In our adolescent years, we didn’t care much about how we presented ourselves to the rest of the world. After reaching our late teens we began to realize others will judge us on our appearance and we began to adjust accordingly. We began looking at how we dressed, talked and walked. Men presented a veneer of invulnerability in our offices and in our recreational spots, but the one area where women still ruled was always home decoration.
This may sound odd to many people, but there is not much information on the Internet revolving around home decor for men. Sure, there is a long list of great “Men’s Sites” like Maxim, Ask Men and Guyism, but these weren’t what I was looking for in this instance. These sites paid a attention to how to seduce women, how to dress, what car to buy, what wine go with what food, and how to succeed in business along with a healthy sprinkling of humor and advice. These sites effective went 90% of the way in terms of masculine makeovers, but stopped at the welcome mat when it came to home design.

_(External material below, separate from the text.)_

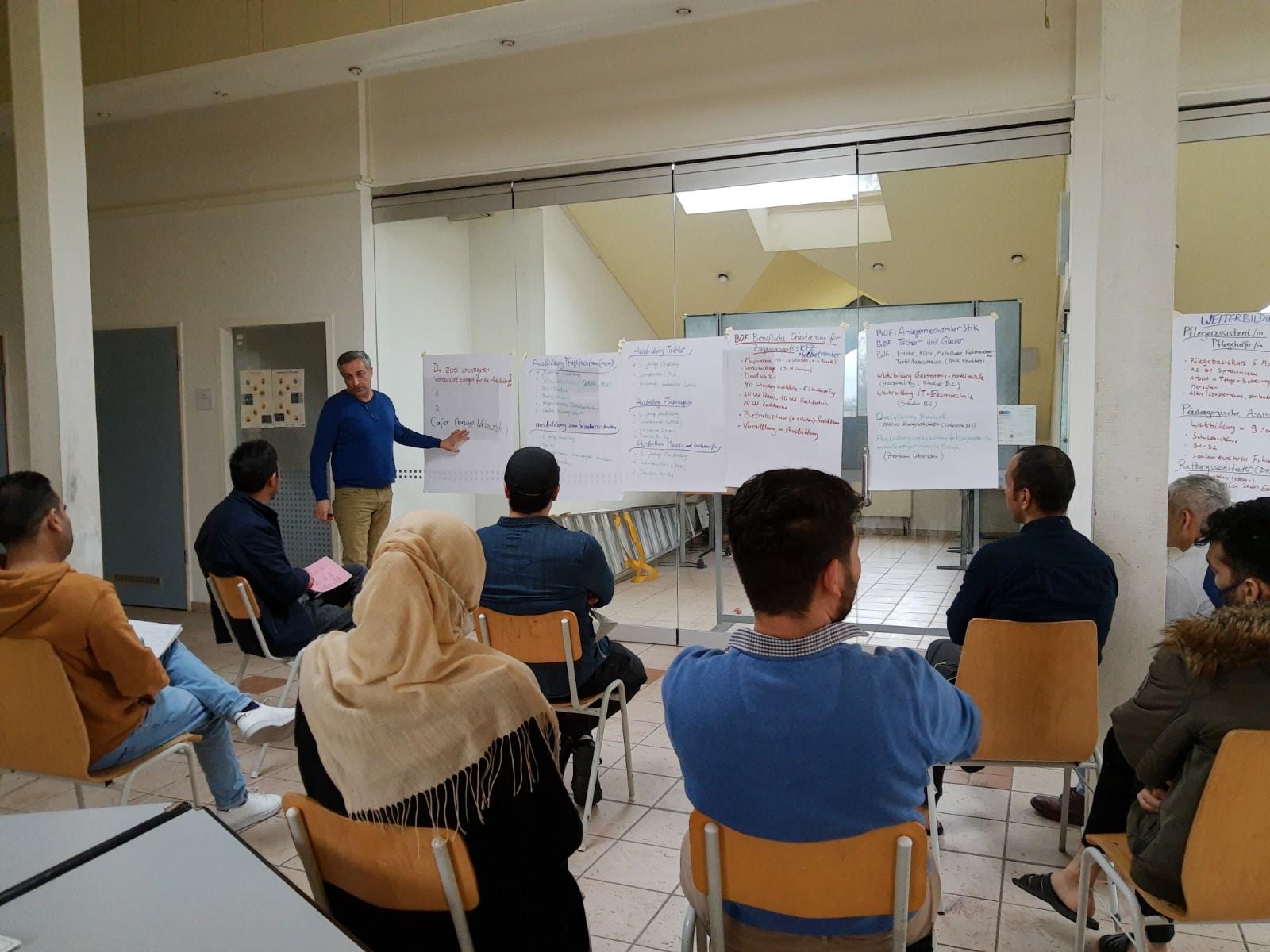 Das Willkommen-in-Arbeit Büro (WiA-Büro) Spandau hat 2022 vier Inforunden in Spandauer Gemeinschaftsunterkünften für Geflüchtete (GU) in Kooperation mit dem Jobcenter Spandau und bridge – Berliner Netzwerke für Bleiberecht durchgeführt. Diese Inforunden mit dem Titel „Arbeiten in Berlin. Eine erste Orientierung“ hat den Bewohner*innen der GUs Rauchstraße (31.03.2022), Spandauer Straße (14.04.2022), Freudstraße (05.05.2022) und Pichelswerder Straße (24.05.2022) einen ersten Einblick unter anderem zu den Themen Sprachkurse, Ausbildungsmöglichkeiten und Jobcoaching ermöglicht. Darüber hinaus wurden die Beratungsangebote des WiA-Büros Spandau sowie des bridge Netzwerks umfangreich vorgestellt. Nach den Inputs durch das Jobcenter, bridge Netzwerk und WiA-Büro Spandau wurden Einzelgespräche mit den Bewohner*innen durchgeführt und dadurch offene Fragen geklärt und Beratungstermine vereinbart.

So I was forced to stop looking for a “guy’s” home design site and move toward pure home design sites. I hoped to find masculine designs here, but was let down again. Pure interior design sites cater almost exclusively toward the female demographic. Women are the biggest consumers of home goods so aiming the marketing toward them was good business. Walk into any Williams Sonoma, IKEA or Pier 1 Imports and you can see that they are brimming with estrogen. The guys you do see in those or similar stores are usually dragged there reluctantly by their significant other. Simply speaking, it is extremely difficult to find any decorating advice site that wasn’t for and/or from someone in a bra.
The problem that I saw was that no one thought men were interested in home design advice. Even if a man did find himself living in a modern and stylish space, it was always attributed to him getting his decoration ideas from a “woman’s touch”. Men were chastised for not caring about their space and adorning their sofa with dirty clothes, yet not complimented when they created a well-defined space on their own. A “bachelor pad” is covered with beer cans and old pizza boxes and never a place where a modern man with some degree of disposable income can come and relax at the end of the day.
It seemed as though men had been grouped as either “The frat boy” or “The boyfriend” stereotype in terms of home decoration. “The Frat Boy” was characterized by a collection of Vivid Entertainment posters and beer pong paraphernalia; meanwhile the “boyfriend” had his home effectively commandeered by his significant other and was forced to watch the game in the basement and attic. Both these stereotypes have been characterized by a love of large televisions and recliners. Both also show an ignorance or distinct lack of interior style.
It was these stereotypes combined with the informational vacuum that gave birth to Homes4Men. Homes4Men seeks to end the stereotype that masculine room design is limited to Best Buy and La-Z-Boy. A bachelor pad should show your personality, which hopefully isn’t limited to high end stereos and a leather recliners. Homes4Men will become a space where men feel confident enough to choose the paint color, bed sheets and flatware. It will be a educational resource where the modern renaissance men can discover home design at his own terms with someone he can relate to.
I want Homes4Men to be uttered in the same breath as the Ask Mens, Guyisms and Maxims. After all, what is the point of buying great clothes if they wind up on the back of an old office chair? Why read the opinions of great sommelier if you are drinking wine out of Solo cups? What is the point of learning to seduce women if you are embarrassed by the look of your bedroom?
Above all, Homes4Men is about topping off the level of male sophistication where others have neglected it.